*Information*:

● ● ●

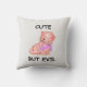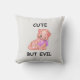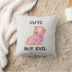 Travesseiro decorativo com um gato que pode ser visto como adorável e como um pequeno "mau". Enquanto a ilustração é principalmente doce e caprichosa, ela poderia facilmente ser enquadrada como "enganosamente inocente" — o tipo de arte que toca a ideia de os gatos serem partes iguais amáveis e diabólicas.
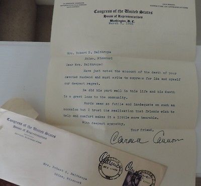 Title (ebay affiliate link): 1955 Clarence Cannon Signed Letter & Envelope re: passing Edina Missouri
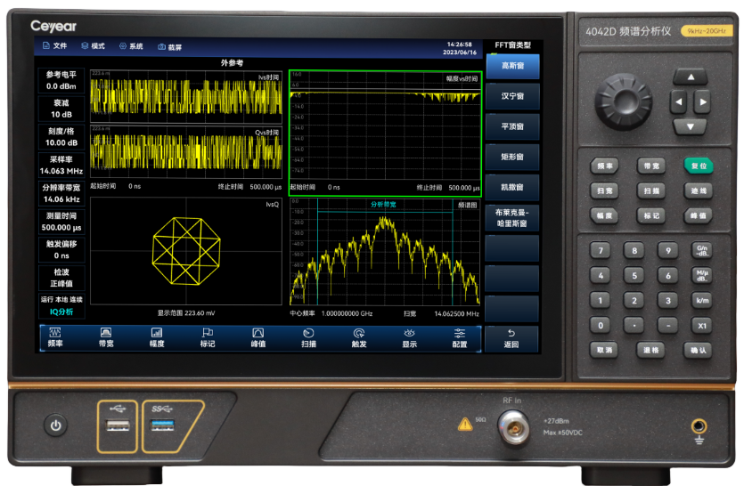 4042係列頻譜(pǔ)分析儀具(jù)有實時頻譜分析、幹擾分析、信道掃描、場(chǎng)強(qiáng)測量、USB連續波與峰值功率測量、模擬解調(diào)分析、IQ分析等多種測量功能模式,以及通道功率、占用(yòng)帶(dài)寬、鄰道功率、頻譜(pǔ)發射模板、載噪比、諧波(bō)失真、雜散發射模板等(děng)智能測量功能,支持LAN、USB、HDMI等數字接口。4042采用的12.1寸多點觸控電容觸屏帶來更好(hǎo)的交互體驗,產品可應用於工業電子產品的研發和測(cè)試過(guò)程以及通信(xìn)測(cè)試、衛星通信、微波通(tōng)信、科研教學等眾多領域。
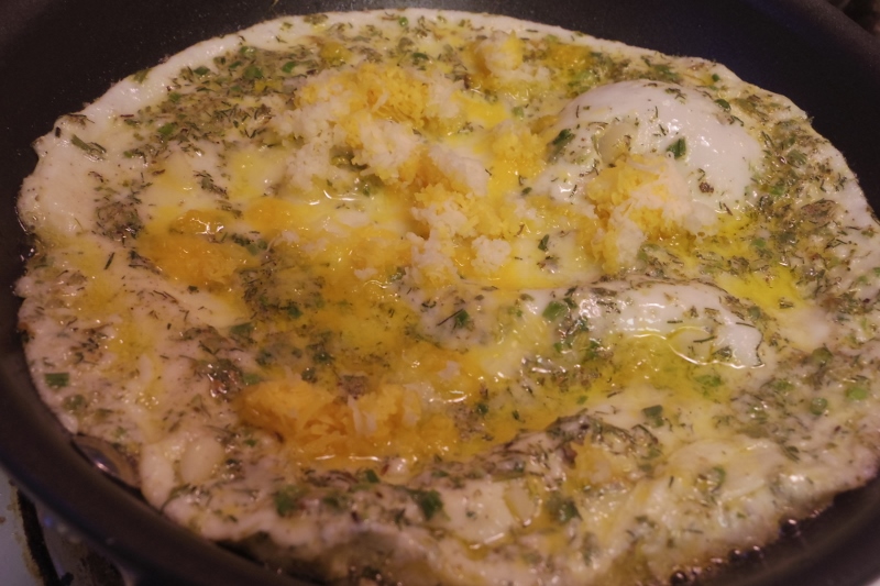 There’s nothing like starting the day off with a nutritious, delicious breakfast. For my mother, I made an omelet. She likes her omelets made with liquid egg whites, rather than the whole egg, and grated cheddar cheese. Here is the omelet cooking on the stove.
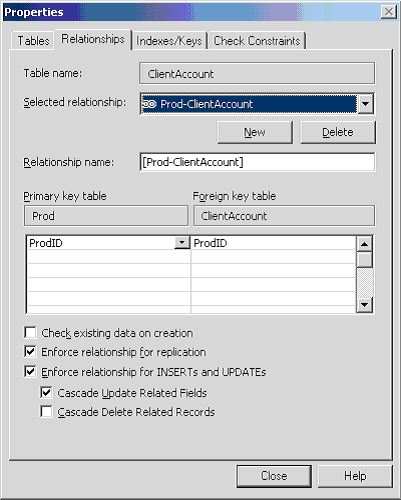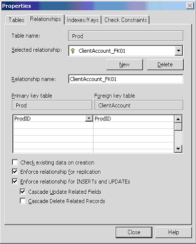 [ 1 ] - [ 2 ][1] The table whose columns are referenced by other tables in a one-to-one or one-to-many relationship.Rather than accepting the default value i.e. ClientAccount_FK01 that is given from upsizing.
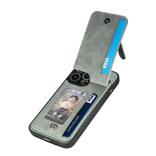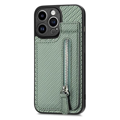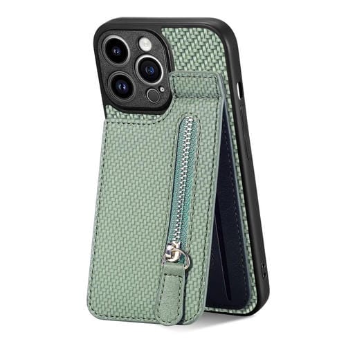 Funda de teléfono iPhone 13 Pro Max con cremallera vertical fibra de carbono (Verde)
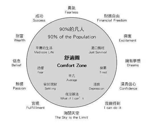 “舒适圈”是能力形成,边界不重要,大小才关键,你要不停的把“学习区”变成“舒适区”。
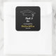This is a black, white and faux gold sticker. A graduation cap is above the words 'thank you' in white script. Next the sticker says 'for celebrating with us'. You can personalise the sticker with the graduate's name in faux gold script and graduation year in white text.
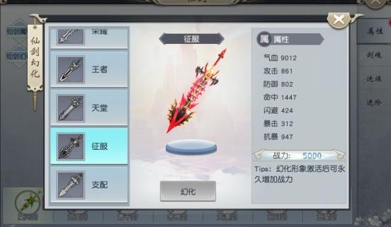 除7种仙剑外,可以通过幻化改变仙剑外观,仙剑幻化不仅仅可以改变仙剑的外观,也是可以增加仙剑的各项属性的哦
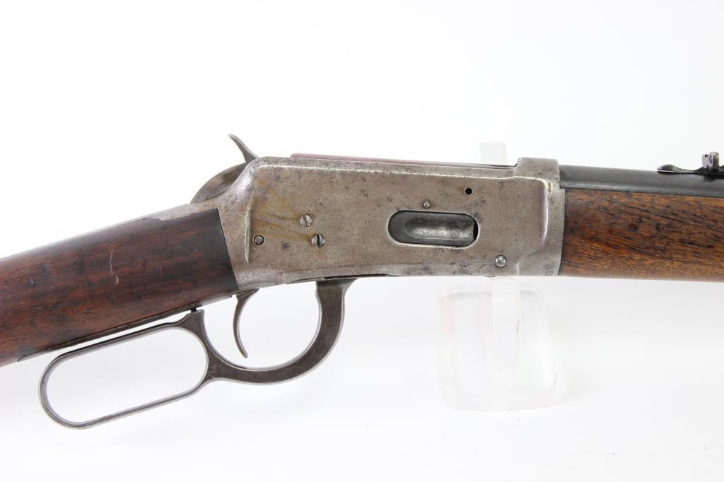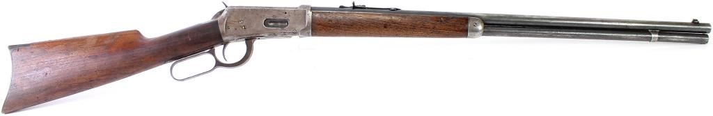 Winchester Model 1894 38-55 cal. SN 567672 gun in overall good condition, 26" barrel, original rear sight, front sight changed to white bead, metal overall gray patina showing blue on mag tube, wood solid with NO cracks, chips or repairs only usual handgun in overall good condition, 26" barrel, original rear sight, front sight changed to white bead, metal overall gray patina showing blue on mag tube, wood solid with NO cracks, chips or repairs only usual handling marks,
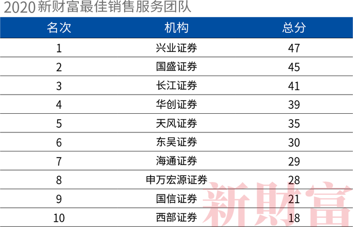 同时,在“最佳销售服务团队”评选中,兴业证券销售服务团队夺得第一,这是其自2014年以来第7次夺此冠军。国盛证券、长江证券、华创证券、天风证券分列第二至第五名。
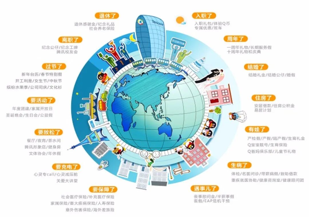 比如腾讯,从你入职到退休,人生的各个重要阶段,都给你准备好了福利:
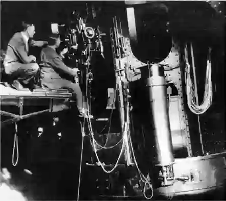 美国天文学家哈勃和著名英国科学家詹姆斯• 金斯坐在威尔逊山天文台口径2.5 米的胡克望远镜的观测室里。伴随天体照像技术的进步,天文学家可揭示肉眼无法看到的暗弱天体,通过延长曝光时间可显现出越来越多的天体。
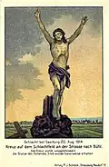 „In der Schlacht von SAARBURG, 20. August 1914, wurde dieses Christusbild wunderbarerweise erhalten, während der Kreuzesstamm weggeschossen wurde. Ich bin die Auferstehung und das Leben. Joh. 11, 25“
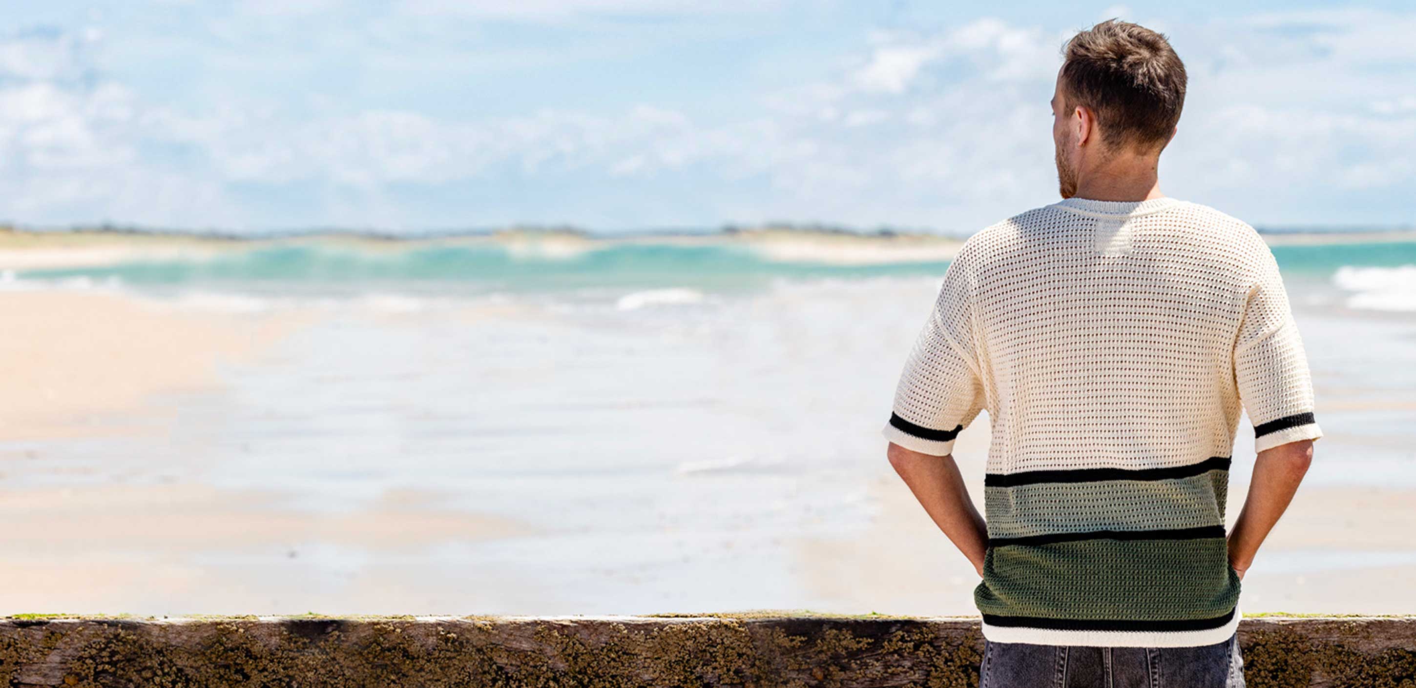pull “NOMADE” écru vert kaki – Coton recyclé
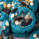 These vibrant Cookie Monster Cookies are bursting with color and packed with white chocolate chips, Chips Ahoy cookies, and Oreos for a fun and indulgent treat. Perfect for parties or as a delightful snack, these cookies feature a fluffy, blue-tinted dough and a crisp-on-the-outside, chewy-on-the-inside texture.
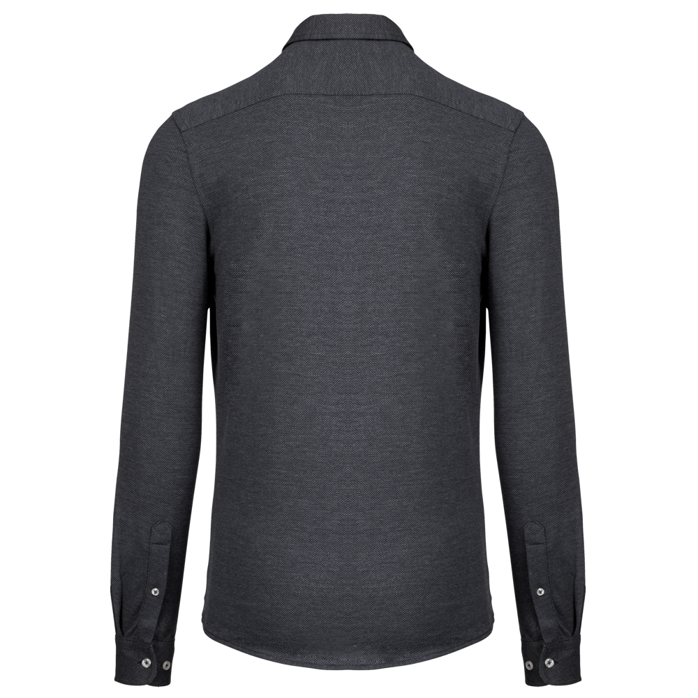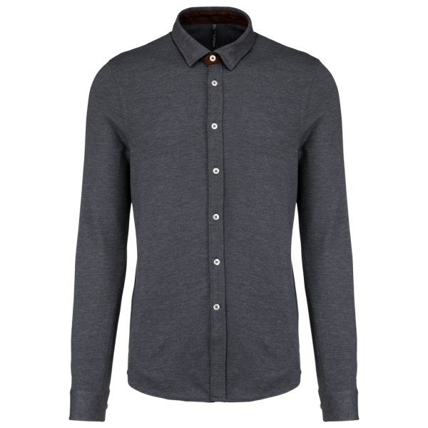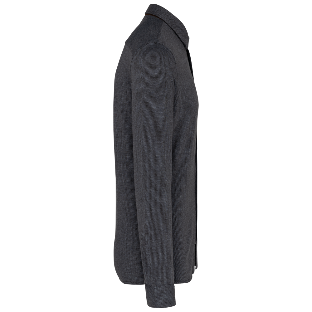 68 % Baumwolle / 32 % Polyester. Jacquardstrick. Kragensteg mit kontrastfarbenem Wildlederimitat abgesetzt. Moderner Look. Bequemes, weiches Material. Klassische Knopfleiste mit Knopf aus Perlmuttimitat. Verstellbare Manschetten mit Knöpfen aus Perlmuttimitat. Abgerundeter Saum.
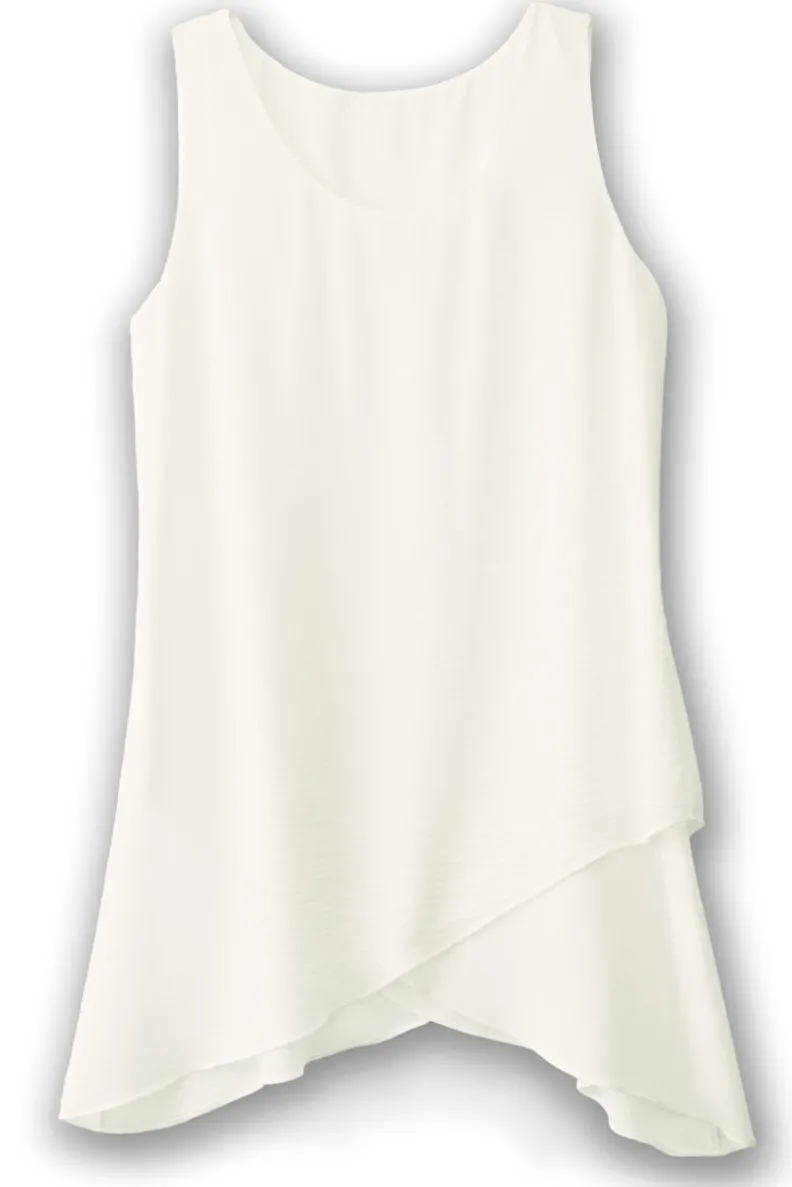A new angle on the must-have tank finds swingy asymmetrical layers criss-crossing with irresistible flair. Scoop neck.
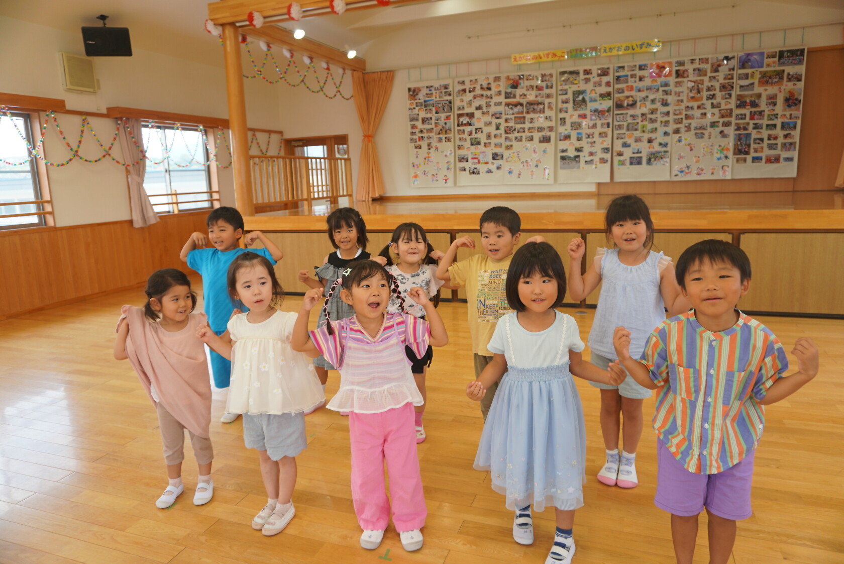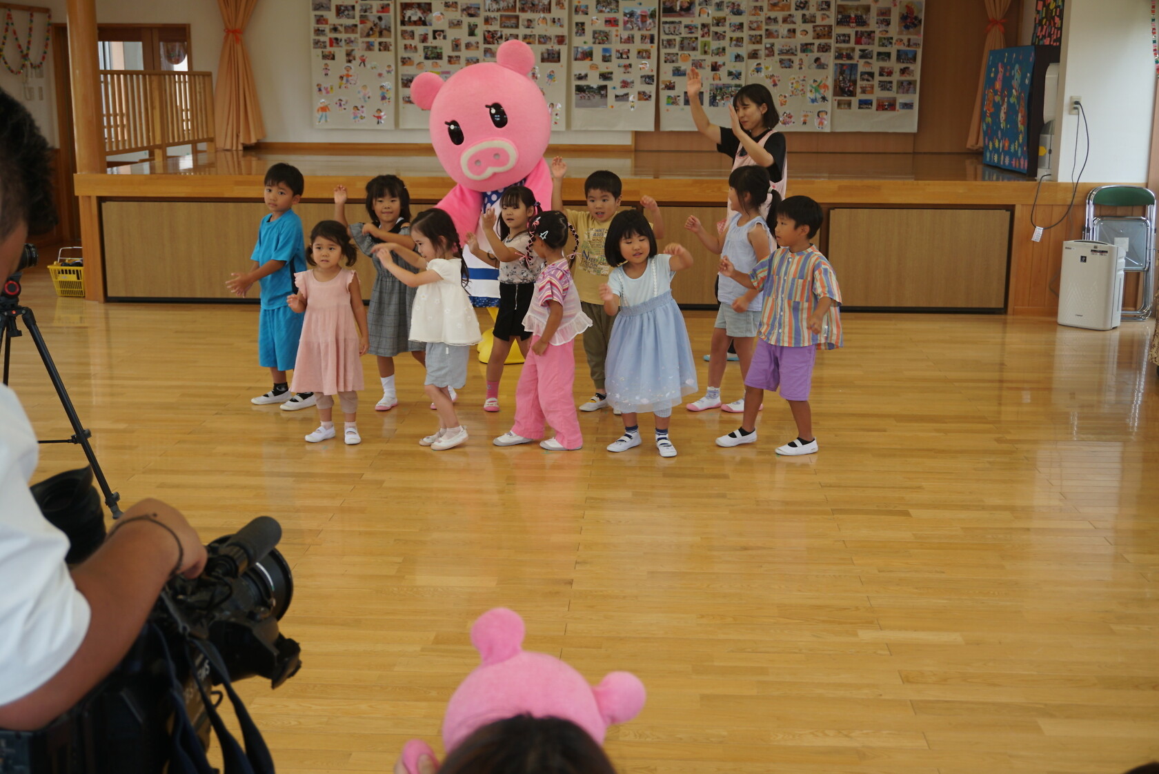 TBS「あし天ダンス」の撮影がはいりました!! 公開済み: 2024年8月7日更新: 2024年8月7日 4月頃子ども達がやりたいと申し込んだ「あし天ダンス」、選考の結果出られることに!! 今日、「あし天ダンス」の撮影がはいりました😁 準備のあいだはニコニコだったひまわり、ゆり組さん、ホールで撮影がはじまると緊張した顔に…。 3班に分かれて順番に撮りました!! 終わった後はブーナちゃんと触れあったり集合写真をとったりと楽しい時間を過ごせました! 放映日は決まり次第連絡します!

● ● ●

*About this exercise*:
Extract, without any images, the part of the material above that opens with the line containing "There’s nothing like" and closes with the line containing "除7种仙剑外,可以通过幻化改", both lines included.

*Response*:
 There’s nothing like starting the day off with a nutritious, delicious breakfast. For my mother, I made an omelet. She likes her omelets made with liquid egg whites, rather than the whole egg, and grated cheddar cheese. Here is the omelet cooking on the stove.
 [ 1 ] - [ 2 ][1] The table whose columns are referenced by other tables in a one-to-one or one-to-many relationship.Rather than accepting the default value i.e. ClientAccount_FK01 that is given from upsizing.
 Funda de teléfono iPhone 13 Pro Max con cremallera vertical fibra de carbono (Verde)
 “舒适圈”是能力形成,边界不重要,大小才关键,你要不停的把“学习区”变成“舒适区”。
This is a black, white and faux gold sticker. A graduation cap is above the words 'thank you' in white script. Next the sticker says 'for celebrating with us'. You can personalise the sticker with the graduate's name in faux gold script and graduation year in white text.
 除7种仙剑外,可以通过幻化改变仙剑外观,仙剑幻化不仅仅可以改变仙剑的外观,也是可以增加仙剑的各项属性的哦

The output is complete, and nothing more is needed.